Linguists can trace semantic links between languages back to at least 6000 years ago. The lack of written remnants makes further investigation difficult, but we can grasp how our ancestors might have spoken to a reasonable degree by comparing similar words shared by languages within the same family. Modern English is an interesting case study as it is made up of a mix of European languages like Old German, Old French, Old Norse, Latin and Greek, with only a handful of Celtic words remaining as well. But all of these languages are considered to be a part of the same family, called Indo-European, which includes most European languages and even Persian and some South Asian languages, too. Even though we consider Germanic and Romance languages distinct, we can see how they are connected further back by observing the consonant shift with the letters ‘p’ and ‘f’, for example. Look at ‘father’ in German, ‘fader’, and the Spanish ‘padre’. Both can be reduced to the letters ‘adr’ with either a /f/ or /p/ sound at the beginning. Then English shifted the /d/ to a /th/ sound for Germanic words and a /t/ sound for the Latin ones, and now we use both ‘father’ and ‘paternal’. These patterns have been observed in many root words across Indo-European languages so that linguists have pieced together an earlier ‘Proto-Indo-European’ language they guess originated in the region north of the Black Sea and now connects the histories of people from Ireland to Bangladesh.

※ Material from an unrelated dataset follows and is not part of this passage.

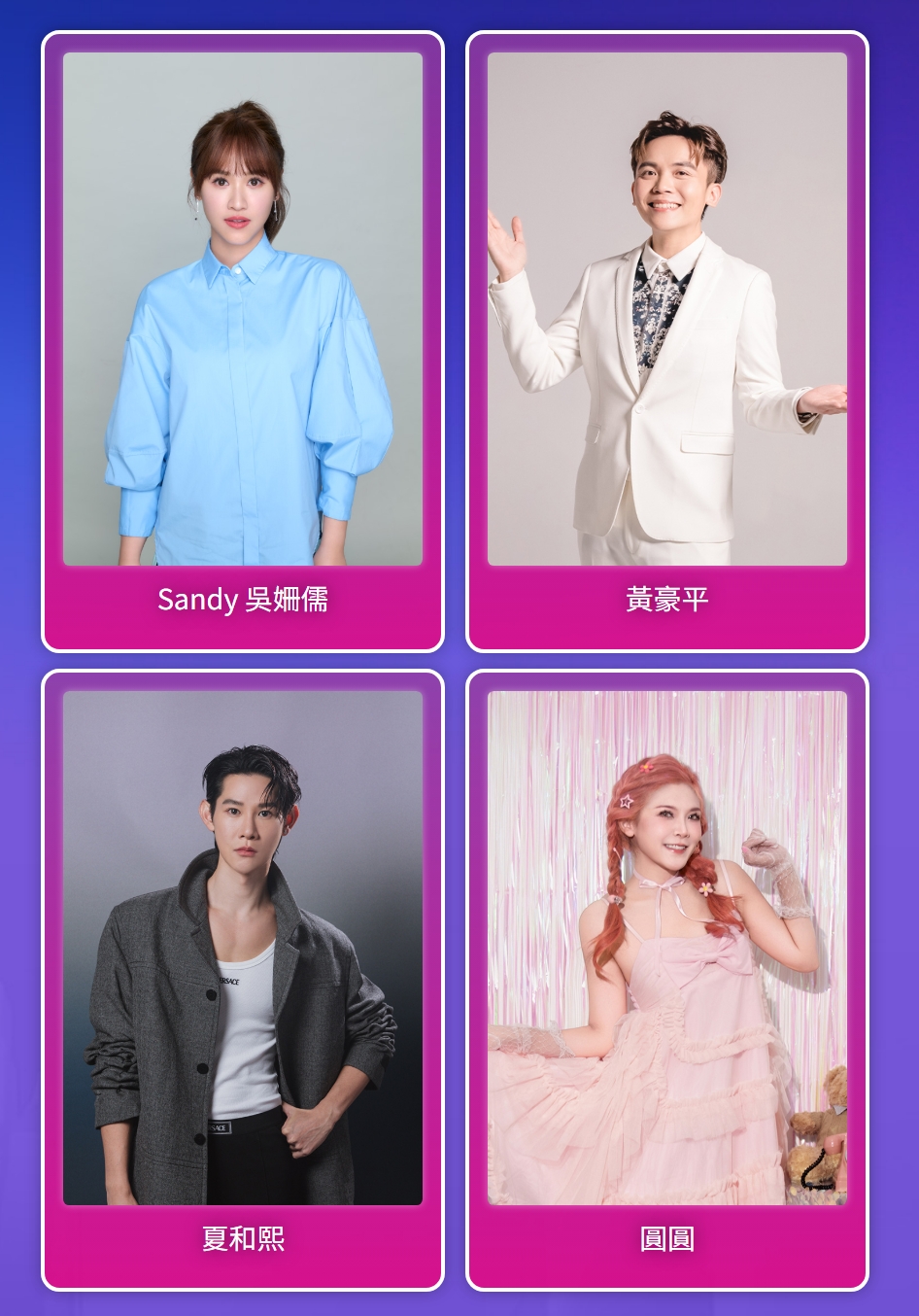 今年演唱會由吳姍儒(Sandy)、黃豪平、夏和熙、圓圓共同主持,其中 Sandy 曾獲得金鐘主持人獎,黃豪平亦有多次主持金鐘紅毯經驗,搭配擅長炒熱氣氛的圓圓與夏和熙,將與大家共同迎接新的一年。

So how does this relate to ‘get’? Well, linguists believe the Proto-Indo-European word that started it all was ‘*ghed’, which meant ‘to seize/take’, and transformed into the Proto-Germanic ‘*getan’ and then Old Norse ‘geta’ (‘to reach/obtain/learn’) to settle as the humble ‘get’ we know today. However, in Old English ‘get’ was hardly ever alone: it was compounded in words like ‘beget’ and ‘forget’ and didn’t free itself until the dawn of Modern English. One could argue we’ve taken it back to its roots. Now the word takes us back to those Ukraine grasslands in our slang ‘geddit?’ or ‘geddoutta’ere!’. In casual spoken English ‘get’ springs to mind more often than its synonymous counterparts — it taps into a primordial sense of acquisition and ownership, of becoming, of assimilation.

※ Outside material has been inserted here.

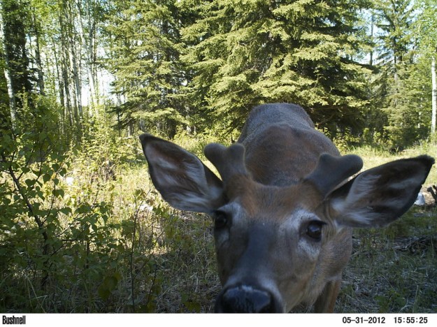 Der Diensthund ist Dundee, ein Red Heeler (nehme ich mal an). Dundee ist sehr diensteifrig, wie sich das gehoert. Anfangs war mein Job noch sehr theoretisch, und Dundee hat mir immer nur im Corral nebenan, ohne meinen Einfluss oder mein Kommando, vorgefuehrt, was er so alles kann. Kuehe auf einen Klumpen treiben. Kuehe durch ein Tor wandern lassen, in Ecke, in eine andere Ecke, zurueck durch das Tor. Das geht mit einem ganzen Trupp, aber auch zum Beispiel mit dem durchaus beeindruckenden nachtschwarzen Bullen als Solonummer bzw. Pas de Deux. Vor Dundee hat man bittesehr Respekt. Haben die Kuehe, hat die Katze, nur die Ziegen, die haben’s noch nicht akzeptiert… Leider weiss ich nicht, mit genau welchen Kommandos Jim seinen Hund steuert, also arbeitet Dundee ein wenig unabhaengig. Aber heute habe ich zum ersten Mal allein gefuettert, und da fand ich ihn schon klasse. Zum Beispiel habe ich das Tor geoeffnet, und Dundee hat dann klar gemacht, dass man als Kuh da bitte nicht durchgeht. Und dass man gefaelligst auch mir als Fussgaengerin Platz macht. Das hat mir ziemlich gut gefallen. Insgesamt habe ich heute 12 Rundballen durch die Gegend kutschiert. Manche im Zweierpack, manche einzeln. Und 1A in die Rundraufen abgeladen. Jawoll. Zwei sogar in so eine grosse Rechteckeraufe, gleichzeitig und zielgenau. Ich fand mich zieeemlich klasse. Dundee hat mich bei jeder Tour begleitet, wobei er auch immer noch Zeit fuer ein eigenes Projekt findet und hin und wieder im Wald verschwindet oder einen geringfuegig anderen Weg geht, weil es anscheinend wichtige Dinge zu erledigen gibt. Und dann sind wir noch quer ueber die Wiesen, durch den Wald und ueber eine Heuwiese bis fast an den See getuckert, um nach der Traenke bei der dritten Gruppe Kuehe zu schauen. So ein richtiges kleines Treckertourchen (es gibt kein oe-ue, oder?). Als wir aus dem Wald auf das grosse Heufeld kamen, stand da eine Gruppe von zwoelf Hirschen (das waren mal dreizehn, das weiss ich, denn der Herr Chef hat einen rausgeschossen, der ist jetzt in unserer Truhe). Dundee nahm Mass und beschloss, dass die zusammengetrieben und irgendwohin gehoerten. Und ab ging die Post, im weiten Bogen, so dachte er sich anscheinend, um die Hirsche rum und dann Richtung Traktor oder Corrals oder was weiss ich wohin mit ihnen. Hirsche lassen sich aber nicht gut hueten, das haben wir dann beide schnell verstanden. Sind einfach zu flott, die Dingerchen. Wissen nicht, was sich gehoert, wenn Dundee angeflogen kommt.

‘Get’ is so heavy with meaning that it takes up whole pages in the Oxford Dictionary with all of its phrasal verb forms broadening the scope of meaning even still. Imagine the frustration of an English language learner faced with get in, get off, get up, get down, get over, get under, get away, get with, get away with, get about, get ahead, get by, get back, get on, get on with, and get through. Not only do each of these verbs differ from the definitions of a solo ‘get’, but each has its own cluster of meanings. If a student of English uses any of these with accuracy it should be applauded. Neither French nor German are as flexible with a verb. Spanish and Portuguese speakers fling about ‘quedar’ and ‘ficar’ respectively in much the same way English does with ‘get’ — where there is no consistency of meaning — but as neither language uses phrasal verbs as English does, the verb ‘get’ doesn’t seem to have a rival, at least in the Indo-European family.

And we can’t talk about ‘get’ without mentioning the past participle ‘gotten’ which is almost absent from British and Australian English, but still common in North America (“…and I would have gotten away with it if it weren’t for you meddling kids.”) Conversely, most British English textbooks will teach ‘have got’ as well as just ‘have’ in regards to possession (eg “I’ve got a headache”), whereas that’s a construction unfavoured in American English, except in some dialects where they drop the ‘have’ and say “I got three pairs of shoes”. And in songs and conversation we all use the slang ‘gotta’ as the modal verb ‘have to’, as in: “It’s gotten dark and I’ve got an appointment in the morning, so I gotta get gone.”